Dia yang setiap saat harus menelan obat penenang. Wajah ibu muda yang
kehilangan senyuman. Semua terbayang di benakku. Sementara yang kulakukan
selama ini hanya menyalahkan Bima. Aku berjanji pada diriku sendiri, pasti akan
kutemani kekasihku hingga pneyakit itu pergi.
***
Hari ini aku
memutuskan tidak pergi ke sekolah. Bahkan Aku masih memandangi tubuh Bima
tergeletak di ranjangnya. Semalam suntuk aku tak tidur, hanya sibuk memandang
wajahnya yang pulas tertidur. Hanya menggenggam erat jemarinya yang lentur.
“Kamu ngapain
disini?” sentaknya sembari menjauhkan jarinya dengan jemariku.
Aku menatapnya
dalam “ Bim-bim Sayang, kamu tenang ya!”
Tiba-tiba Dia luluh
dengan kata-kataku. Tatapannya tak lagi tajam, namun enak dipandang.
“Aku sayang
banget sama kamu Mit, jangan tinggalin aku ya!” pintanya.
Dia memelukku.
Aku diam terpaku. Tiba-tiba Tante Reyna datang dari balik pintu.

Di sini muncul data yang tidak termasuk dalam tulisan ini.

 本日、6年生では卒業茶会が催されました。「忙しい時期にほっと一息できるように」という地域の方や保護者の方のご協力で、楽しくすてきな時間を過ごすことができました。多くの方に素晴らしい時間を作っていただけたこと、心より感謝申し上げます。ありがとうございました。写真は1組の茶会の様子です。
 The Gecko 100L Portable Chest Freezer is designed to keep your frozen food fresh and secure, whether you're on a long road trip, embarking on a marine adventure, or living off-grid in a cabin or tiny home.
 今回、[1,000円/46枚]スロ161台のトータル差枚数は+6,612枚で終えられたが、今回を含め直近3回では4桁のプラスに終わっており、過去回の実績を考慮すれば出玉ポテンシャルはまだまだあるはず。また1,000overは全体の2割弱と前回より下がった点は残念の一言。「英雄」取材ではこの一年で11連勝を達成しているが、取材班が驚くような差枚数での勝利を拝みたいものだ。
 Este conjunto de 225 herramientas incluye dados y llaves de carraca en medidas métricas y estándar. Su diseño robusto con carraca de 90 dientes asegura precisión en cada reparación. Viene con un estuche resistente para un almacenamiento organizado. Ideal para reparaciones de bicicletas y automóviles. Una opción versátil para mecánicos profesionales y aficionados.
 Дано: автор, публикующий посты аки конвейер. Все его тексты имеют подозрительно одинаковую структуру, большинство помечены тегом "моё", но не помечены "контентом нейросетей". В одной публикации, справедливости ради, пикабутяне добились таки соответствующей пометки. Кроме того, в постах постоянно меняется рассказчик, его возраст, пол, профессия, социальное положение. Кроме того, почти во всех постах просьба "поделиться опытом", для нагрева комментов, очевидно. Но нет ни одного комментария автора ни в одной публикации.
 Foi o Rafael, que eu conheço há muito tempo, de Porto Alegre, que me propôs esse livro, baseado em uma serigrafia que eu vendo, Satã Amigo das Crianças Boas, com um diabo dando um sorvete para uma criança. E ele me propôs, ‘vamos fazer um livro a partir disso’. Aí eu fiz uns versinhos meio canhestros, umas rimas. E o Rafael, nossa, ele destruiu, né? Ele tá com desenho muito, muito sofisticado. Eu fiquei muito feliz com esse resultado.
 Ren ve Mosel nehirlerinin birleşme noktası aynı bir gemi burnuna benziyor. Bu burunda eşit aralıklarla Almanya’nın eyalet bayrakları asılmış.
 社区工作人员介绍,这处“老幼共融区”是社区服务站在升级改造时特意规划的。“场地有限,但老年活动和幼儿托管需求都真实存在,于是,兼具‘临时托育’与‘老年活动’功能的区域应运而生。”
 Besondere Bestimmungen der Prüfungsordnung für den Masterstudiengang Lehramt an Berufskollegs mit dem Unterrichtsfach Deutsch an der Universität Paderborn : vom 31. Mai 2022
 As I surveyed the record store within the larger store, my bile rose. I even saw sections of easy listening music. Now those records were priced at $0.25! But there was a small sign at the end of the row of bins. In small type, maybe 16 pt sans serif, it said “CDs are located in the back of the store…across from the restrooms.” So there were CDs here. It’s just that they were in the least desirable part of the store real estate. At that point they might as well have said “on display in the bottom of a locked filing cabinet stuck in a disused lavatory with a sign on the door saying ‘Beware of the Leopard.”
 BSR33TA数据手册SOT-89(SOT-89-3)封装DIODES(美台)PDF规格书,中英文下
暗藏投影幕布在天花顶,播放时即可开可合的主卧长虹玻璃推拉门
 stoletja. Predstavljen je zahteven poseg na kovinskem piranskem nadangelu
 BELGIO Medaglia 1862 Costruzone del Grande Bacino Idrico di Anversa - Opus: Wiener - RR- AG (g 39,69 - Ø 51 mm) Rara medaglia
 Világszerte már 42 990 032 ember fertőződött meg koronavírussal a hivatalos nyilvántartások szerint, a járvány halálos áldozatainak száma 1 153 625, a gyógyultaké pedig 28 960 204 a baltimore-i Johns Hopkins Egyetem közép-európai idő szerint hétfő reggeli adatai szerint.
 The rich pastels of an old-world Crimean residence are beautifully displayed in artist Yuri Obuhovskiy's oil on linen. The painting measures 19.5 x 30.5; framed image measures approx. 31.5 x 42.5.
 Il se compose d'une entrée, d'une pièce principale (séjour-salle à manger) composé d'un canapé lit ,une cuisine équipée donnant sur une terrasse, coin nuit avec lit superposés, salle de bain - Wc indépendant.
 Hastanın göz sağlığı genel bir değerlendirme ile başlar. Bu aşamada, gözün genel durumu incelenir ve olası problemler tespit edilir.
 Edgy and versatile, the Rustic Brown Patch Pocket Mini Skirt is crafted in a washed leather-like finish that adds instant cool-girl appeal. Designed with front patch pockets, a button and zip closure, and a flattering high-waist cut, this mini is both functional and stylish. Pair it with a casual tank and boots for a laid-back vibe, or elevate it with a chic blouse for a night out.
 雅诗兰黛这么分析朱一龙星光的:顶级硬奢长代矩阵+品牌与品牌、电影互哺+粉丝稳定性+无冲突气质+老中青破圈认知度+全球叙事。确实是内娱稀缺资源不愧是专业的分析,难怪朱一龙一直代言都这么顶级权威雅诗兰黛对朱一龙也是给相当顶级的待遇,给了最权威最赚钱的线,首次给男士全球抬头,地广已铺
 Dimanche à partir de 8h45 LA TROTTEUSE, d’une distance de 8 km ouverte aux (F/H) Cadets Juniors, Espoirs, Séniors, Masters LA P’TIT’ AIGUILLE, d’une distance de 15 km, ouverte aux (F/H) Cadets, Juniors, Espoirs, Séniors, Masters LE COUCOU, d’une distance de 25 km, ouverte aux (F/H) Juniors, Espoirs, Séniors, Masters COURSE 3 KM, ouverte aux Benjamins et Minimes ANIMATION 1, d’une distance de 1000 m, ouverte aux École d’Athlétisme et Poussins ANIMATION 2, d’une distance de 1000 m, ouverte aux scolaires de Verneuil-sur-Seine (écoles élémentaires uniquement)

“Mama ngapain sih ke sini. Pergi
sana!” Dia membentak Tante Reyna.
Segera Dia enyah
dari pelukanku. Menghampiri Mamanya di ambang pintu.
“Mama pengin aku minum ini?”
tanganya menggenggam segelas susu, lalu melepaskanya. Praaaang.
“Apa Mama juga pengin aku makan
ini?” tangannya memegang sepiring roti, lalu melepaskanya. Lagi-lagi praaaang.
Tante Rey hanya
diam sambil menyeka tangisnya. Kusandarkan pelukku di tubuhnya.
***
Aku pastikan harusnya ini terakhir
Bima melukai Mamanya. Entah dengan jemarinya ataupun dengan lisannya. Aku masih
mau di sisinya, menahan tangan-tangan kasar yang tak ku tahu kapan datangnya.
Membungkam mulutnya ketika ucapnya memusingkan kepala. Aku masih mau di
sisinya, entah sampai kapan Tuhan membatasi waktunya.